But, more importantly, because Hitchens exposed – with equally Kissingerian unsentimentality – wrongdoings and misrepresentations and fought for the freedom of ideas and seemingly forgotten political causes. And because, with his own brand of uncompromising journalism, he exposed the hypocrisy of institutions and political leaders. He deconstructed organized religion and identified the illiberal trajectory of our disorganized democracies and shot down bullies and bigots pursuing the truth without regard to personal consequence.

Both men were mesmerizing conversationalists who hovered behind-the-scenes in Washington and paraded in front of the global media glare. But behind that glare Kissinger inhabited the darkness where corporate greed mingles with political power while Hitchens lived in the trenches and on the page where facts battled myths.

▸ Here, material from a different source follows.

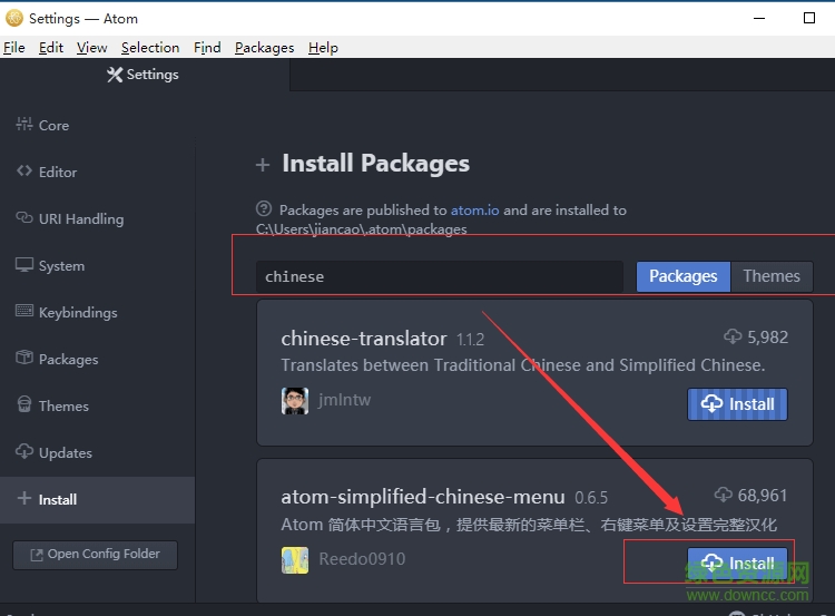3.輸入框輸入chinese,在點(diǎn)擊packages,選擇第二個(gè)安裝點(diǎn)擊install開始安裝

As a politician of intrigue and deception Kissinger used words to hide what he was thinking and wrote to boost his ego and obfuscate what he had once done. As a political writer Hitchens used words not just to deliver with exactitude what he was thinking, but to expose with scathing sharpness what Kissinger-types were hiding.

The greatest pity perhaps is that in the twelve years since Hitchens’ death, the world has been deprived of a fierce and illuminating critique of so many other contemptible political figures who rose to power on the back of Kissinger’s rotten ethics.

 

  1. The Trial of Henry Kissinger, Verso, 2001
  2. Cyprus, Quartet Books, 1984; Later published in paperback as Cyprus: Hostage to History, Verso, 1997.